A wooden (or of another material) cross is functionally different from a table or a font. In other words whereas a pulpit fulfills a function (to hold the pulpit bible or a preacher's notes) likewise does a table and a font. A cross featured prominently has no other function other than to draw one's mind away from the signs given (Baptism, the Word, and the Lord's Supper) to a sign not commanded by Christ or His apostles. 

One needs a font to hold water to give the sign and seal of Baptism to an infant or an adult, you need to have a table upon which to lay the elements of the Lord's Supper, and a pulpit is a great help (though certainly not necessary) to the minister expounding the Word.

A cross is not only unnecessary, but unwarranted.


----------



## Backwoods Presbyterian (Oct 12, 2013)

earl40 said:


> Backwoods Presbyterian said:
> 
> 
> > earl40 said:
> ...



The same way you can look at a woman and not commit adultery in your mind and look at a person and not envision murdering them.


----------



## fredtgreco (Oct 12, 2013)

Ben,

Then why have a font when it is not being used? And why have a font at all, since it is not necessary, nor described in Scripture?


----------



## Backwoods Presbyterian (Oct 12, 2013)

I am evidently being extremely unclear. 

This is the question I am asking.

_What does having a Cross in a prominent place in the worship space accomplish and what is its purpose?_

vs.

_What does having a baptismal font in the front of the worship space accomplish and what is its purpose?_

What I am saying is that a Cross not only has no biblical warrant, but that it is unwise to have one present, and to "envision" Christ is sin. 

This simple difference is that you cannot administer the sacrament of Baptism without a font being present and a Cross serves no purpose other than to draw men's minds away from the visible elements given by Christ to the Church.

To the point of it being present we do not keep the trays, cups, and plates out all the time and only bring them out on Lord's Days in which we serve the Lord's Supper. On other days the table is used to hold the offering plates.


----------



## earl40 (Oct 12, 2013)

Backwoods Presbyterian said:


> The same way you can look at a woman and not commit adultery in your mind and look at a person and not envision murdering them.
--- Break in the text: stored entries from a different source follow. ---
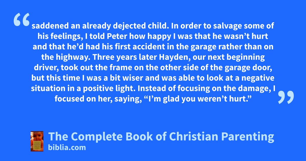saddened an already dejected child. In order to salvage some of his feelings, I told Peter how happy I was that he wasn’t hurt and that he’d had his first accident in the garage rather than on the highway. Three years later Hayden, our next beginning driver, took out the frame on the other side of the garage door, but this time I was a bit wiser and was able to look at a negative situation in a positive light. Instead of focusing on the damage, I focused on her, saying, “I’m glad you weren’t hurt.”
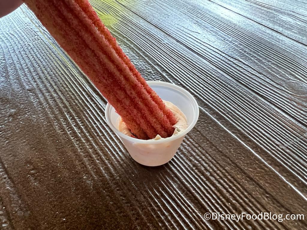We enjoyed the vanilla dipping sauce that came with it and it made the churro better. It was still a good and fresh Disneyland churro, but we aren’t sure that we’d get this one again. There are PLENTY of other churro options at Disneyland!
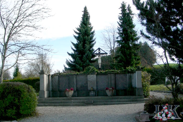 Denkmal und Grabsteine auf dem Gemeindefriedhof nordöstlich Pfarrkirche St. Martin |

So when you "envision" a woman what do you see in your mind? I take it would be a female and not a male which in of itself is not sin. The same goes for Our Lord. We do not envision a lady on the cross but a man and I am saying it is impossible not to think any other way. Do you suppose the people who were present at the Crucifixion were sinning when they remembered Jesus on the cross? If they did you are saying they are sinning.


----------



## fredtgreco (Oct 12, 2013)

Backwoods Presbyterian said:


> I am evidently being extremely unclear.
> 
> This is the question I am asking.
> 
> ...


Ben,

You are being clear, but I believe you are making a logical fallacy. It is a leap to go from "that is unwise" to "that is a sin." The latter is always wrong, in every instance, at every time. I am asserting that one cannot state that the mere presence of a cross in a church is sin. There is no Biblical warrant for such. That does not mean it is always wise. But we should not call that sin, which God does not.


----------



## Backwoods Presbyterian (Oct 12, 2013)

I went back and re-read all of my posts in this thread. I think we are talking past one another. I never said using a cross was sin, the only time I used the word "sin" was in reference to Earl's promotion in his #12 (as is clear in his #23) of mental images of Christ. I apologize if I didn't make that clear in my #16.


----------



## fredtgreco (Oct 12, 2013)

Backwoods Presbyterian said:


> I went back and re-read all of my posts in this thread. I think we are talking past one another. I never said using a cross was sin, the only time I used the word "sin" was in reference to Earl's promotion in his #12 (as is clear in his #23) of mental images of Christ. I apologize if I didn't make that clear in my #16.


The fault then is likely mine. I had assumed you were advocating the position that a cross was a violation of the 2nd commandment (the OP's question).

Sorry!


----------



## Backwoods Presbyterian (Oct 12, 2013)

Gotcha. 

Yes, I was saying having a cross behind the pulpit (as an example) is both unwise and unwarranted, but I wouldn't necessarily call it sin.


----------



## fredtgreco (Oct 12, 2013)

Thanks.

And I was not trying to argue for a cross (we don't have one in our building), I was trying to point out what is far too often a PB fallacy that says, "I don't like this/this is not wise" therefore, it "must be a sin."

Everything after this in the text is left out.